We claim that $r=\binom{n-1}{k-1}$. Here is a decision process for counting sets that contain $a$:
We next claim that $s=\binom{n-1}{k}$. This has a one-step decision process: Just pick $k$ elements from the $n-1$ elements of $A$ that are not $a$. This completes the proof.
This identity leads us to the famous Pascal's Triangle, where we start by arranging the nontrivial binomial coefficients in the following infinite pattern: $$ \begin{matrix} &&&&&& \binom 0 0 &&&&&& \\ &&&&& \binom 1 0 && \binom 1 1 &&&&& \\ &&&& \binom 2 0 && \binom 2 1 && \binom 2 2 &&&& \\ &&& \binom 3 0 && \binom 3 1 && \binom 3 2 && \binom 3 3 &&& \\ && \binom 4 0 && \binom 4 1 && \binom 4 2 && \binom 4 3 && \binom 4 4 && \\ & \binom 5 0 && \binom 5 1 && \binom 5 2 && \binom 5 3 && \binom 5 4 && \binom 5 5 & \\ \binom 6 0 && \binom 6 1 && \binom 6 2 && \binom 6 3 && \binom 6 4 && \binom 6 5 && \binom 6 6 \end{matrix} $$ Filling in the values for the coefficients, the triangle looks like this: $$ \begin{matrix} &&&&&& 1 &&&&&& \\ &&&&& 1 && 1 &&&&& \\ &&&& 1 && 2 && 1 &&&& \\ &&& 1 && 3 && 3 && 1 &&& \\ && 1 && 4 && 6 && 4 && 1 && \\ & 1 && 5 && 10 && 10 && 5 && 1 & \\ 1 && 6 && 15 && 20 && 15 && 6 && 1 \end{matrix} $$ When viewed like this, it's easy to see how Pascal's identity is used to construct the following row: We just add the two adjacent entries and put the sum in the next row between them (and put $1$'s on the ends).
This arrangement leads us to even more interesting identities or interpretations of identities with respect to the triangle. For example, Theorem 15.1 is just the sum of the $n$th row of the triangle.
The following identity is due to Alexandre-Théophile Vandermonde from the late 1700s.
For all $n,m \geq k \gt 0$, $$ \binom{m+n}{k} = \sum_{i=0}^k \binom{m}{i} \binom{n}{k-i}.$$
If we have disjoint sets $A$ and $B$ with $|A| = m$ and $|B| = n$, then $\binom{m+n}{k}$ is the number of subsets of $A \cup B$ of size $k$.
We can consider this decision process choosing an $k$-element subset of $A \cup B$. Beware that this decision process gives a tree that is not "regular", meaning that we cannot directly use the Multiplication Rule.

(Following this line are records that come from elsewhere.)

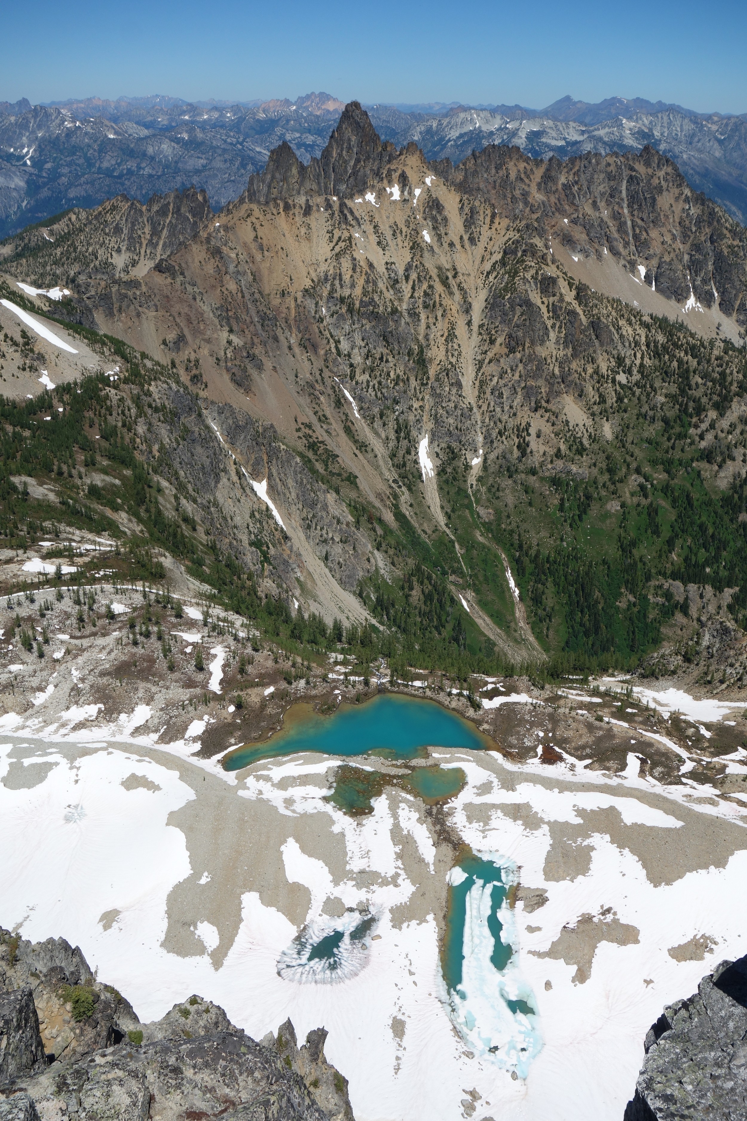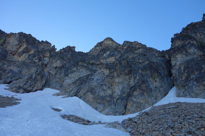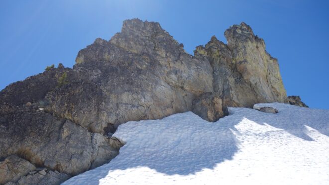 Beyond the steepest part, I started making my way rightward, beginning a long ascending traverse to the right. I crested over a small rib at 6200 feet and descended a few feet into the nice basin immediately west of Whitegoat. I continued across this basin southward and mad my way to the 7200 foot pass above Bird Lakes. This was truly a sight to behold! As I descended to the lakes, the rugged north face of Devore towered above, and I was wondering how exactly I would make it up! I rounded the lakes, the uppermost one still partially frozen, and aimed for the small 7280 foot moraine knob just SE of the lakes. Here I dropped my pack and began kicking steps in the snow to the small saddle in the lower east ridge. Once on the ridge, it was an easy ridgewalk to the base of the Bottles (the obvious double towers midway up the east ridge) around 7650 feet. I was easily able to traverse and ascend the snow on the north side of these towers to the small notch immediately west of them. Past reports in later season speak of traversing in the moat, however in early season it's east snow climbing with one short section about 40 degrees in steepness. I didn't have to lose any elevation doing this short traverse.
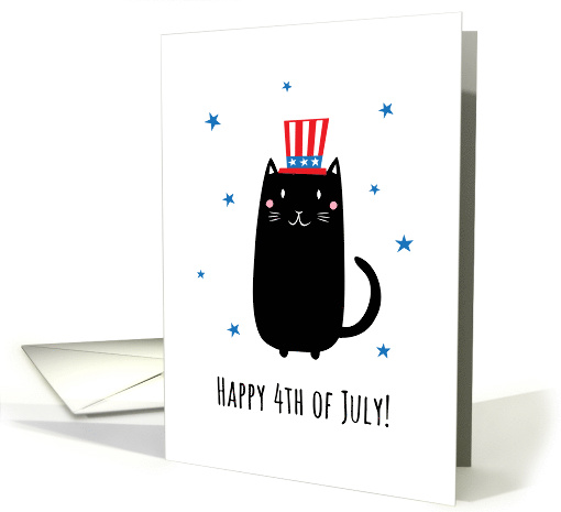 Artist Notes: | Happy fourth of July greeting card featuring a cute, black cat wearing a patriotic hat surrounded by blue stars. Text on front: Happy 4th of July! Suggested text inside: Wishing you a day filled with joy and happiness, good food and great fireworks! |
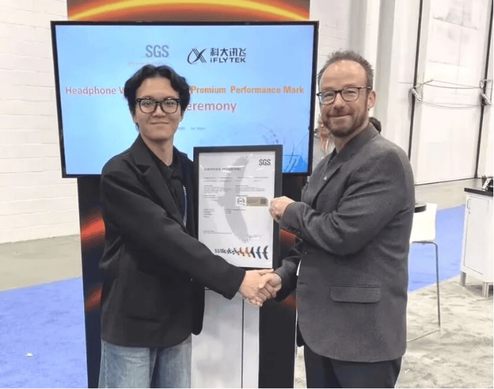 在拉斯維加斯舉辦的國際消費電子展(CES)期間,國際權威測試、檢驗與認證機構SGS攜手科大訊飛等企業共同發布了《智能穿戴產品佩戴舒適度評估白皮書》。這一成果標志著智能穿戴行業在舒適性評估領域邁出了關鍵一步,為產品優化提供了科學依據??拼笥嶏wAI翻譯耳機憑借在佩戴舒適性上的突出表現,榮獲SGS頒發的“耳機佩戴舒適性 Premium Performance Mark”認證,成為行業標桿。
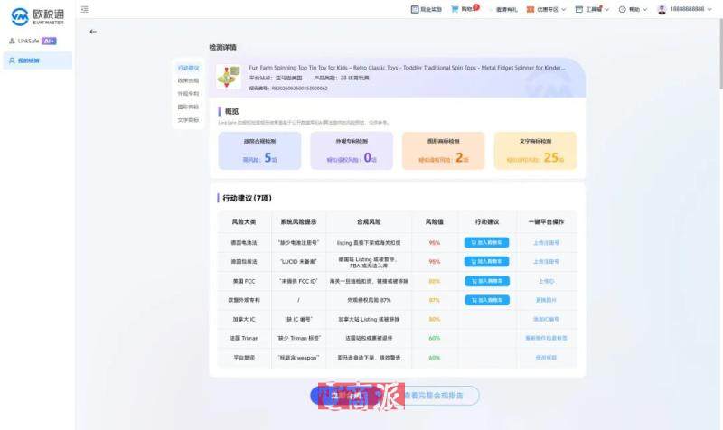 10月20日消息,欧税通近日新上线业内首个AI智能合规检测工具——LinkSafe,将全球跨境合规数据库与AI技术深度融合,卖家只需输入一个链接,即可全方位检测产品合规,让店铺合规风险可视化。

To see that this process counts every outcome exactly once, observe that any subset of $k$ elements from $A\cup B$ has $i$ elements from $A$ and $k-i$ elements from $B$ for some $i$.
Note that our decision in the first stage affects the number of options in the later stages, so we need to be careful. After we select $i$ however, the rest is regular: There are $\binom{m}{i}\binom{n}{k-i}$ leaves under this part of our tree. Now we apply the Addition Rule, and add up these counts as $i$ ranges from $0$ to $k$ to get the theorem.
The following interesting fact follows from Vandermonde's identity.
Using Vandermonde's identity, we set $m = k = n$ to get $$\binom{2n}{n} = \sum_{i=0}^n \binom{n}{n-k} \binom n k.$$ Then we observe that $\binom{n}{n-k} = \binom n k$.